Similar to attacks, but:

  1. No injection phase to test
  2. Result resolution uses resolve_as_probe (detected → SAFE, not detected → UNSAFE)

Testing a New Evaluator

  1. Detection — evaluator correctly identifies the target condition
  2. Non-detection — evaluator correctly reports absence of the condition
  3. Edge cases — empty responses, missing data, multiple turns
  4. Evidence — evaluator populates evidence and rationale in EvalResult

Coverage

Expectations

  • The project enforces a minimum 80% code coverage threshold
  • Coverage is measured with coverage.py, configured in pyproject.toml
  • CI runs a dedicated coverage job on every push and pull request

Running Coverage Locally

Bash
# Run tests with coverage
uv run coverage run -m pytest tests/unit -q

# View the report
uv run coverage report

# See which lines are missing coverage
uv run coverage report --show-missing

Parallel Test Execution

The project includes pytest-xdist for parallel test execution:

Bash
uv run pytest tests/unit -n auto

Running Integration Tests

Integration tests under tests/integration/ exercise RAMPART against a real LLM endpoint. Tests that need an LLM are skipped automatically when no credentials are available; LLM-free tests (e.g. the smoke suite) still run.

What you need

Any OpenAI-compatible chat endpoint will work:

  • OpenAI (https://api.openai.com/v1)
  • Azure OpenAI (https://<resource>.openai.azure.com/openai/v1)
  • A self-hosted gateway, Ollama, or any other provider that speaks the OpenAI chat completions protocol

A small, fast model (e.g. gpt-4o-mini) is sufficient.

One-time setup

Bash
cp tests/integration/.env.local.example tests/integration/.env.local

Open .env.local and set:

  • RAMPART_TEST_OPENAI_ENDPOINT — your endpoint URL.
  • RAMPART_TEST_OPENAI_MODEL — the model identifier. On Azure OpenAI with the /openai/v1 URL format, this is your deployment name.

That's the minimum. .env.local is gitignored, so your credentials stay local.

Authentication

Pick one:

  • API key — set RAMPART_TEST_OPENAI_KEY in .env.local. Works for OpenAI and any provider that takes a bearer token.
  • Entra ID (Azure only, recommended) — leave the key blank and run az login. RAMPART will request tokens through Azure's default credential chain, which also handles managed identity and workload identity federation when running in CI.

Run the tests

Bash
uv run pytest tests/integration

If credentials are missing, every test that needs an LLM is skipped with a clear message listing the variables it expected.

CI pipelines

.env.local is not committed and won't exist in CI. Configure your pipeline to inject the same RAMPART_TEST_OPENAI_* variables (either as secrets for the key flow, or via a workload identity federation / managed identity for the Entra flow) and run the same pytest command.

Adding new integration tests

Request the llm_config fixture in any test method that needs a live LLM. It yields an LLMConfig you can hand to any RAMPART component — judges, drivers, generators, or anything else built on the PyRIT bridge.

Python
from rampart.core.llm import LLMConfig


class TestMyComponent:
    async def test_does_the_right_thing_async(
        self,
        llm_config: LLMConfig,
    ) -> None:
        component = YourLLMBasedComponent(llm=llm_config, ...)
        # ... exercise the component, assert outcomes

The fixture handles credential lookup and skipping; tests don't need to read env vars or check for missing keys themselves.
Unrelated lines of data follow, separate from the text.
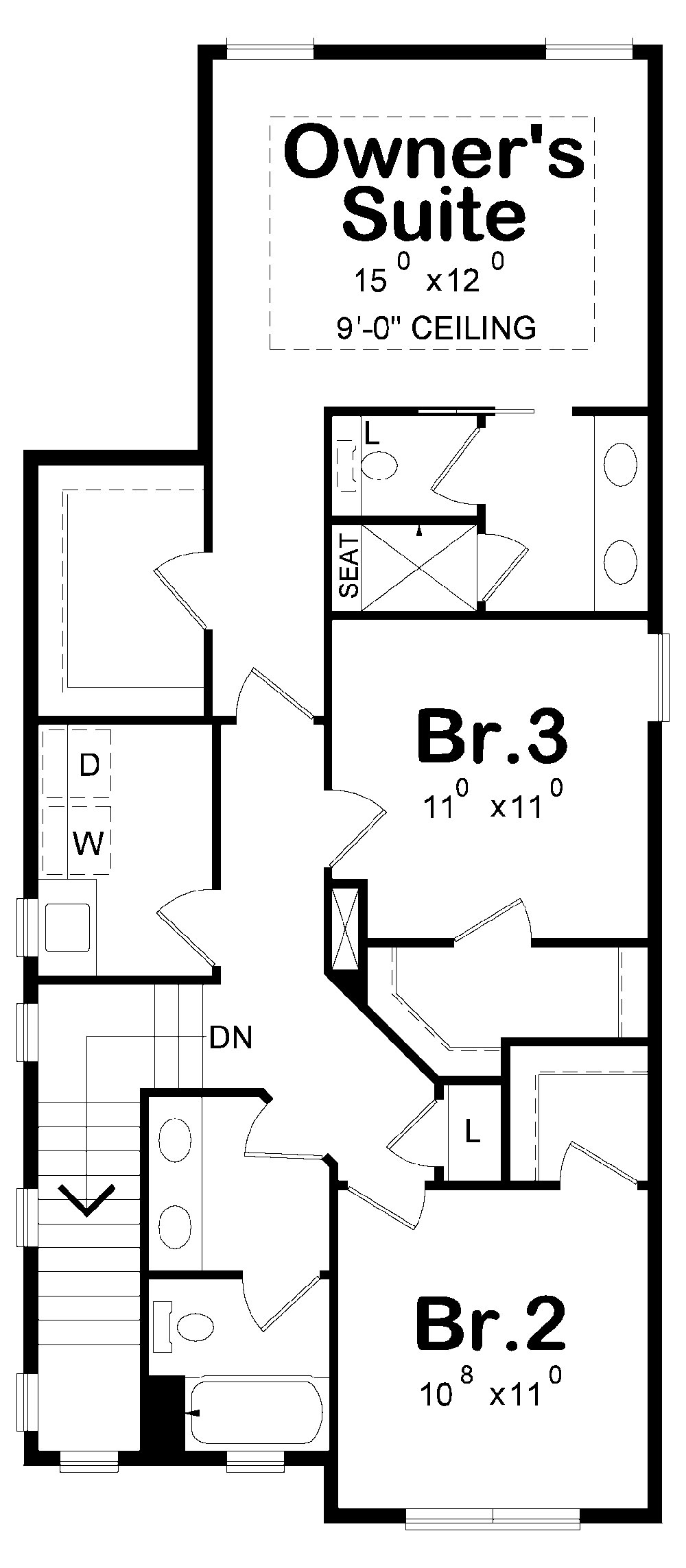 This striking Craftsman style home has over 1900 square feet of living space. The two story floor plan includes 3 bedrooms and 2 1/2 bathrooms. The exterior of this home has a graceful covered front porch. Inside, this house design's floor plan includes a well-designed kitchen island.
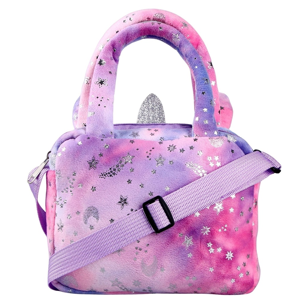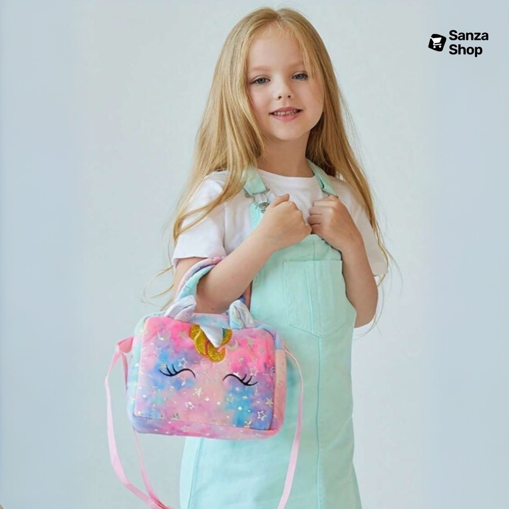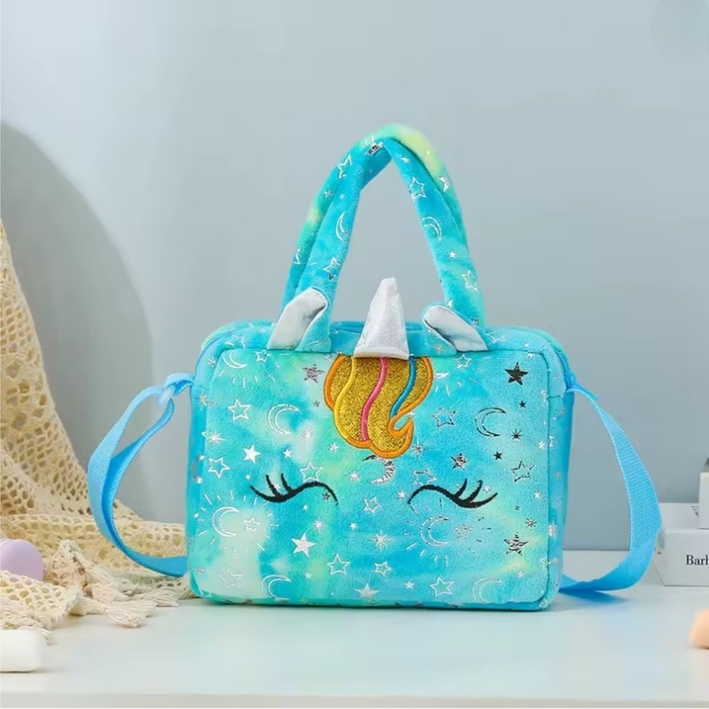 • Bolsinha Unicórnio 3D (pelúcia) – Cores: Rosa, Verde, Roxo com Rosa
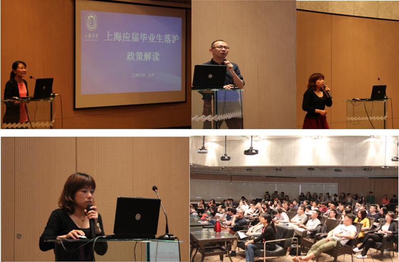 会议由美术学院学生办公室主任孙玉兰老师主持,讲座开场之前,美术学院研究生党总支书记王岭山老师鼓励2015届毕业生抓住就业机会,把握好落户申请的时间节点;同时强调,如果申请落户不成功,也可以办理上海市人才居住证,缓解了部分学生的紧张情绪。
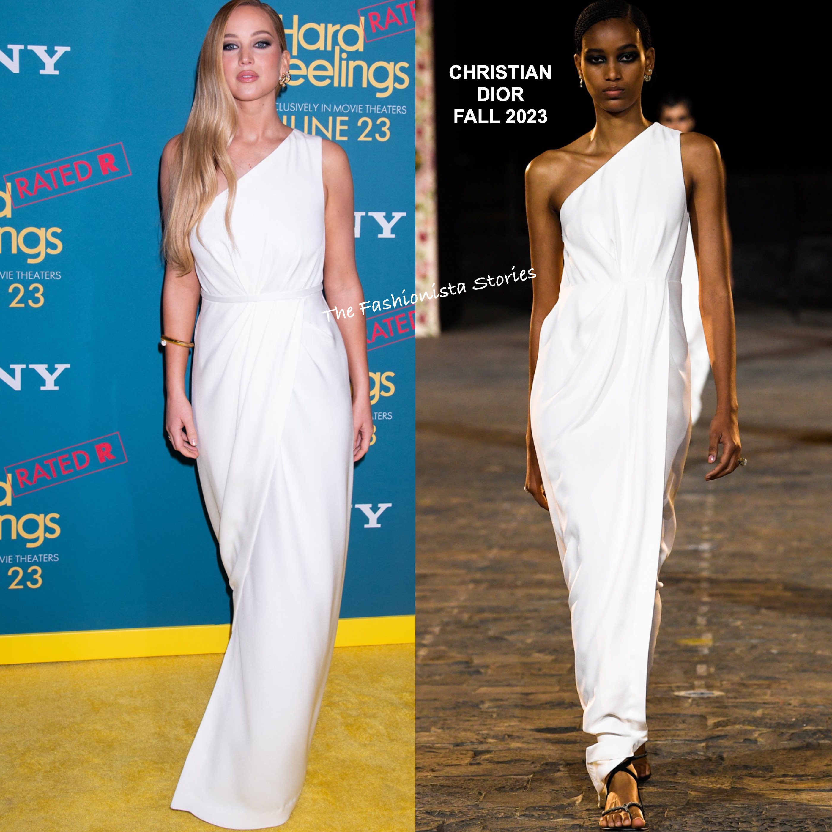 Jennifer Lawrence looked pretty wearing a CHRISTIAN DIOR FALL 2023 white one-shoulder, faux wrap dress which was accessorized with gold jewelry. On the beauty end, her look was simple but flawless with a slight edge to complete her look.

If your component evaluates transcripts, tests/integration/fixtures.py exposes helpers such as make_turn and make_eval_context for building realistic EvalContext shapes — reuse them rather than inlining Turn / Response construction.

Follow the same naming and typing rules as unit tests — group tests into TestX classes by integration surface, suffix async tests with _async, and annotate test methods with -> None.